While HSP70 expression in D. melanogaster incurs high costs,induced thermotolerance due to HSP70 accumulation is well-established (e.g. Welte et al., 1993; Feder et al., 1996; Feder and Krebs, 1998; Krebs and Feder, 1997a). Juvenile drosophilids are confined to their feeding environment and,therefore, may be unable to seek refuge from thermal stress. In contrast,adults can fly and may rely on behavior to escape. Despite a capacity for escaping heat stress via flight, temperatures in nature can increase quite suddenly (Dahlgaard and Loeschcke,1997), and adults may find themselves in transit during stress-inducing temperature transitions. In these situations, the maintenance of flight allows adults to seek a thermal refuge. Induction of HSP70 appears to protect adult D. melanogaster against locomotor dysfunction during thermal stress (Roberts et al.,2003; Klose and Robertson,2004), suggesting that HSPs have ecologically relevance for adults, as well as juveniles (see also Michalak et al., 2001; Sørensen et al., 2003; Gong and Golic, 2006).

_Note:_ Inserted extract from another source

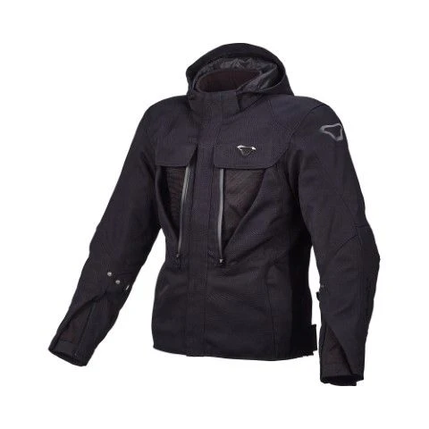 De Macna Quga is een stoere, textiele motorjas die dankzij het Raintex direct laminaat membraan volledig wind- en waterdicht is. Het Raintex direct laminaat membraan zorgt ervoor dat het water niet gevangen komt te zitten tussen de buitenschaal en het membraan maar dat het water direct van de jas afloopt. Zo behoudt je ten alle tijden een droge, warme jas.

Relatively few studies have examined the impact of HSPs on locomotor function in insects, but one of the few is particularly germane to our current work (Newman et al., 2004). In the study, the effect of HSPs on locomotion was compared between a desert and a temperate species of Drosophila. Thermosensitivity of locomotor behavior in larvae of the desert species (D. arizonae) was reduced,relative to that of the temperate species (D. melanogaster). The upper temperature limit for locomotor function in D. arizonaeexceeded that of D. melanogaster by 6°C. Conversely, exposure to 40°C was associated with improved synaptic function at neuromuscular junctions only in D. melanogaster, not in D. arizonae. The high basal thermotolerance in D. arizonae was correlated with high levels of constitutively expressed HSC70, whereas the low inducible thermotolerance of this species was correlated with the absence of inducible HSP70 at 40°C. In general, desert species of Drosophila, as well as species' strains from hot climates, appear to have high constitutive levels of HSC70 and relatively high temperature set-points for HSP70 induction(Sørensen et al., 2001; Zatsepina et al., 2001). This profile of high constitutive levels coupled with high temperature induction of HSPs has also been observed in desert lizards(Ulmasov et al., 1992; Zatsepina et al., 2000).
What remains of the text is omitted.